One application of RFID tags is in communication systems to provide information regarding communication components, such as connectors and adapters as examples. In this regard, the communication components are RFID-equipped. An RFID reader can be provided as part of an RFID system to receive stored information about the RFID-equipped communication components. The RFID reader can interrogate RFID tags disposed in communication components in the range of the RFID reader to automatically discover communication components present in the RFID system. The RFID reader may provide the identification information regarding the communication components to a host computer system. The RFID tags disposed in two communication components can also exchange identification information when connected together to provide connection information to the RFID reader when interrogated. Thus, it is possible to determine when two particular communication components are connected or joined together and when the connection is separated. However, in order for the RFID reader to discover the communication components present in the RFID system and determine when two particular communication components are connected or separated, a significant number of unique queries must be performed by the RFID reader and each of these queries may involve many commands and responses between the RFID reader and the set of RFID tags.

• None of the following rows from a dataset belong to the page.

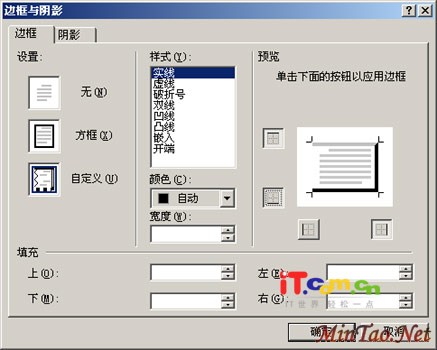 7、要生成表格的立体特效,其实就是让表格在右边框和下边框产生浅黑色的阴影就可以了,因此我们下面的任务就是为表格的右边框和下边框设计阴影效果,此时我们可以借助Frontpage XP中内置的样式功能来轻松实现; 8、返回到图2所示的表格属性界面,用鼠标点击该界面中的“样式”按钮,这样就能打开一个修改样式的设置界面,在这里我们继续单击“格式”按钮,从打开的下拉列表中选中“边框”选项,随后我们就能看到如图4所示的“边框与阴影”设置窗口了;
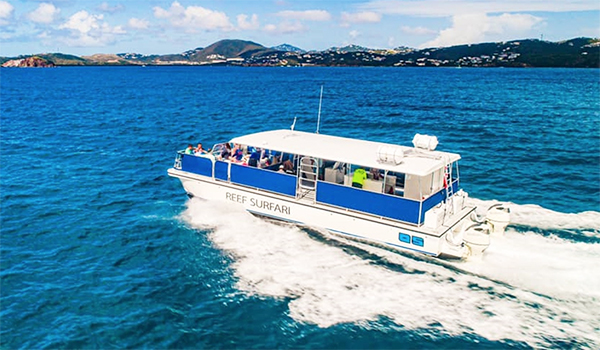 Departing St. Thomas at 2:00 PM and arriving on the beach in Cruz Bay next to the People Ferry at 2:30 PM.  Drop off St. John Guests around 7:00 PM and return to dock in St. Thomas at 7:30 PM.   St. John Guests check in at 2:00 PM at the Ocean Surfari Retail Store next to the People Ferry in Cruz Bay.
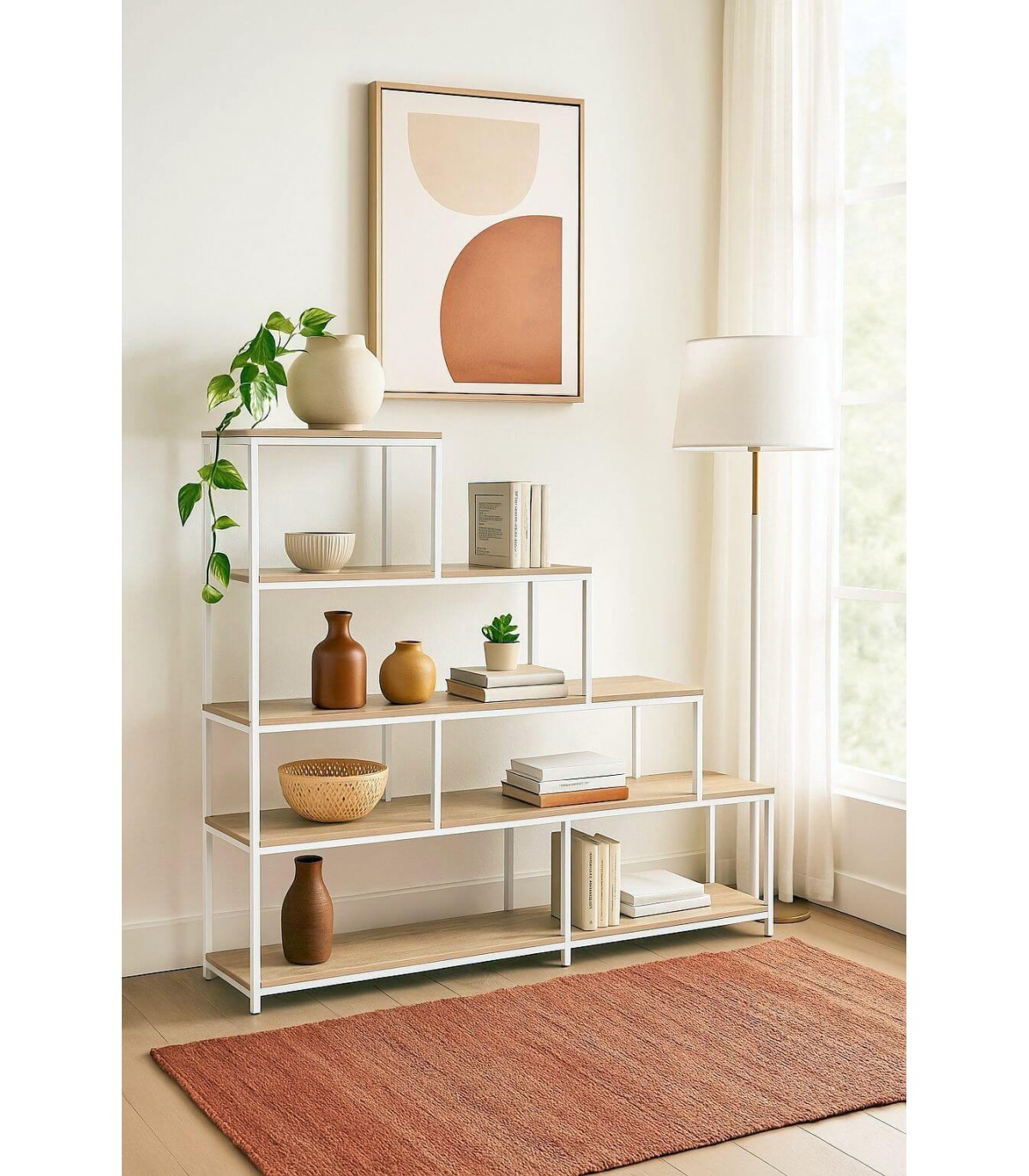 📚 Estantería Escalonada de MDF Roble y Metal Blanco – Estilo Nórdico ❄️
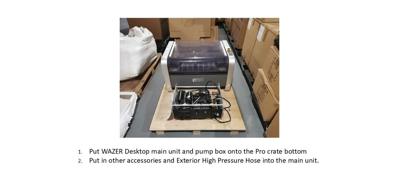 3. Put main unit and pump box onto the Pro crat bottom. Put in other accessories and exterior high pressure hose into the main unit.
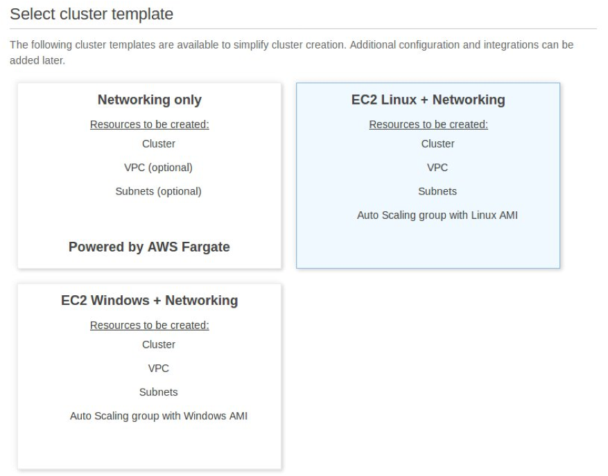 2. For Step 1: Select cluster template, choose EC2 Linux + Networking and then choose Next step.
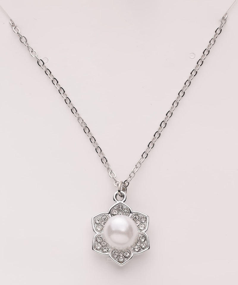 Modern Minimalist Floral Pendant Chain Silver Custom Jewelry with Pearl Diamond Gift for Women Girls Fashionable for Party Wear
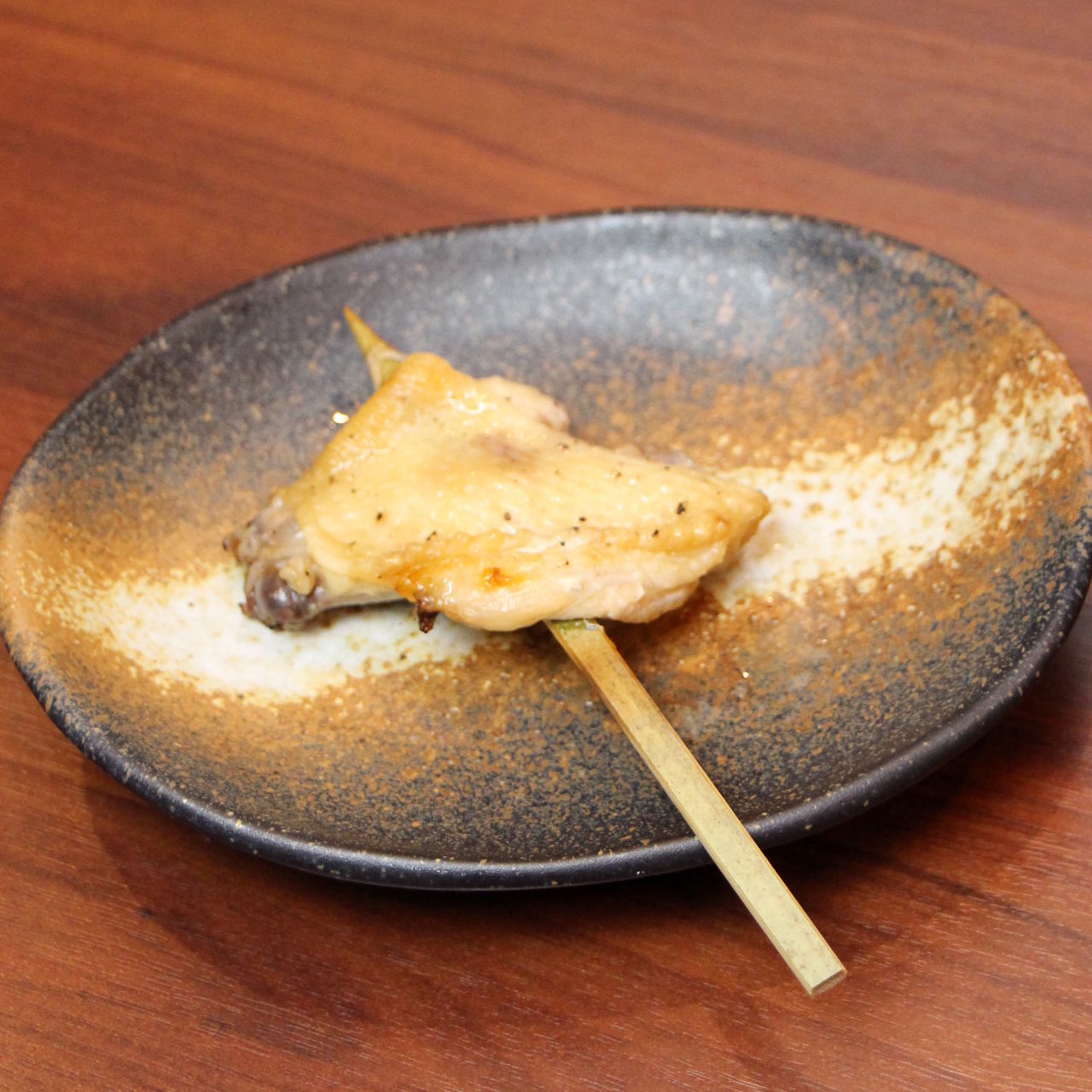 한입 크기의 닭 껍질을 꼬치에 끼워 직화구이 한 요리.
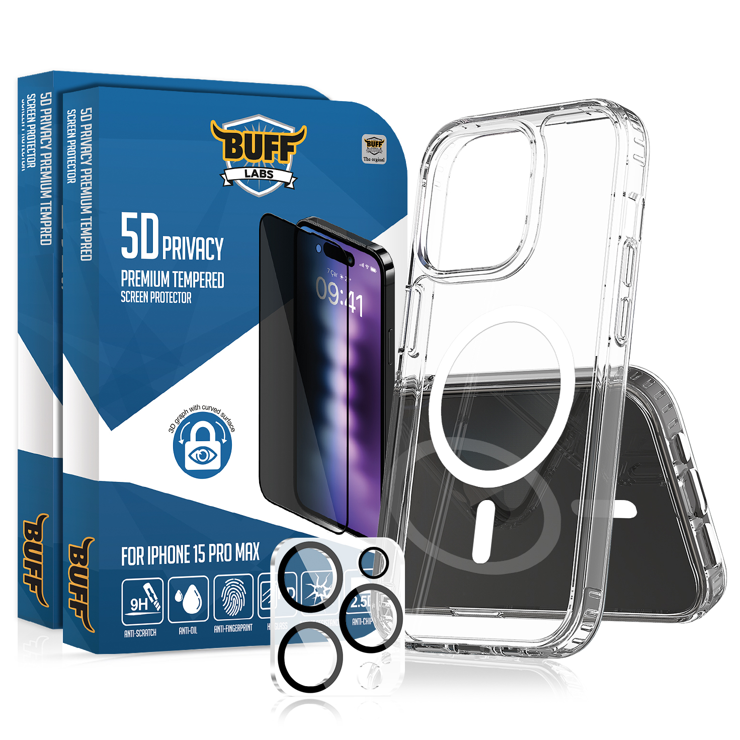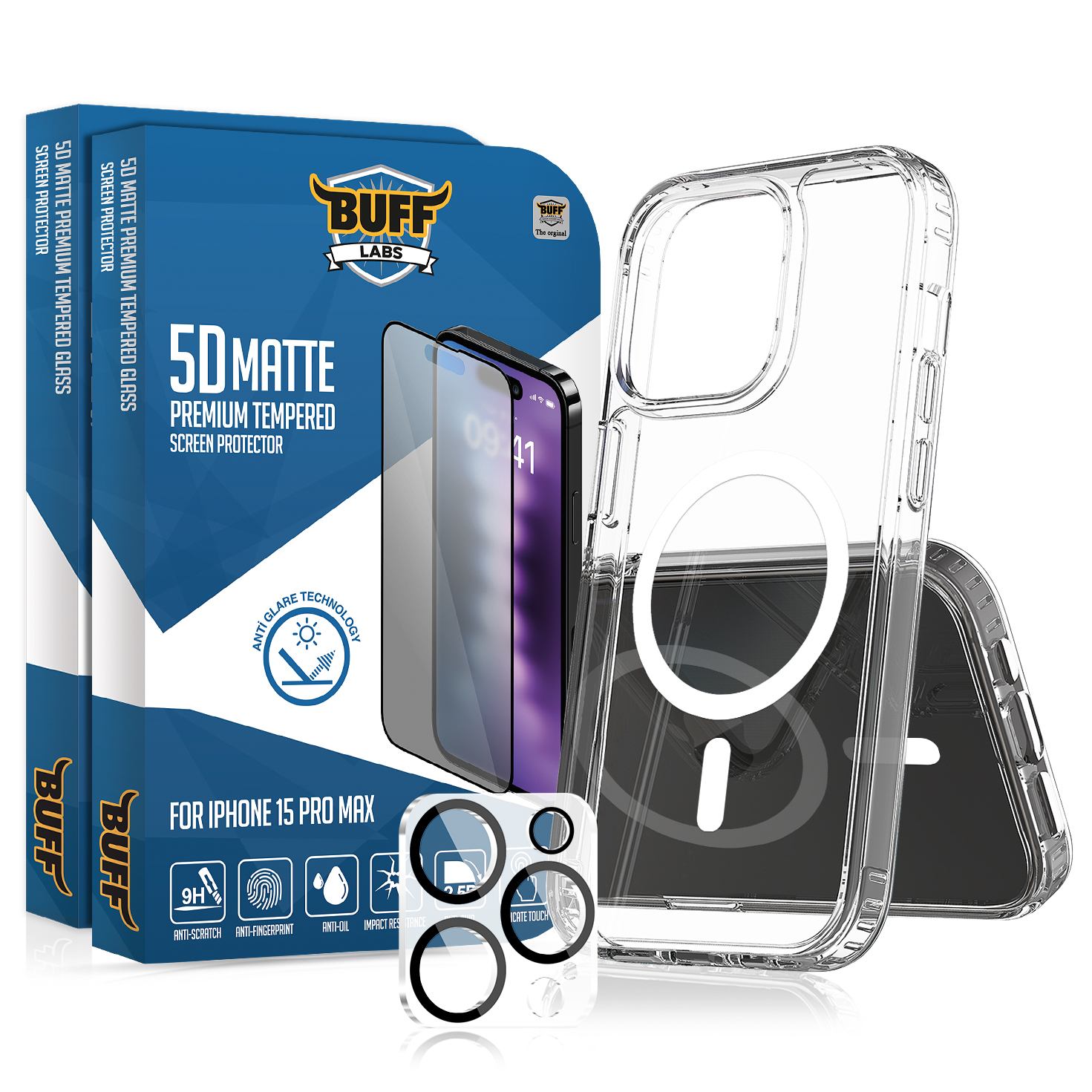 Buff iPhone 15 Pro Max Avantaj Paket - 2x5D Ekran Koruyucu + MagSafe Kılıf + Lens Koruyucu
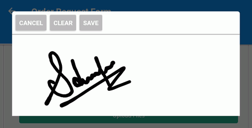 Tap on the "Signature" field to open a blank screen to draw a signature. Tap on the Clear button to clear the screen and start all over. Once ready, tap on the Save button.

Passive RFID tags have emerged for tracking all manner of objects as a high-performance alternative to bar codes. They are conceptually simple and inexpensive (as little as pennies per tag) and can be read in locations not having a direct line of sight to the tag, through other materials and at relatively long distances (typically, up to 10 meters). Passive RFID tags operate indefinitely without a dedicated power source, such as a battery, deriving their energy solely from radio waves emitted from a nearby reader. Therefore, passive RFID tags can be made as small, thin, and light as a paper label. Passive RFID tags communicate with adjacent RFID readers by selectively reflecting some of the transmitted energy back to the RFID reader, much the same way as a radar works.
RFID tags offer a unique capability in taking inventory of, and inferring the connectivity of, cable components in data centers. Optical cables are made of dielectric materials and have no means for electrically reading serial numbers and configuration data. All markings must appear in printed symbology, and records of interconnections must be kept by manual means. However, the complexity and reconfigurability of interconnects in patch panels call for automated solutions to configuration discovery and asset management, in the interest of accuracy and productivity.
One previously unsolved problem with RFID tags in the intended application is providing a means for RFID tags to exchange information between connected sets, thereby enabling connectivity to be inferred. With their limited power budget, this presents special challenges. In particular, it is difficult to detect when RFID tags are connected, especially when two RFID tags are connected and one of the two RFID tags is unpowered. In addition, it may be desirable that RFID tags sense connection and disconnection events in near-real-time, as the event itself is significant in the operation of a data center. Operations management needs to know when cabling has been reconfigured, with time stamps for keeping an audit trail and with alarms for erroneous events should they occur.
Thus, a need exists for a low-power, instantaneous way of sensing connection and disconnection events between electronic circuits, such as in RFID tags.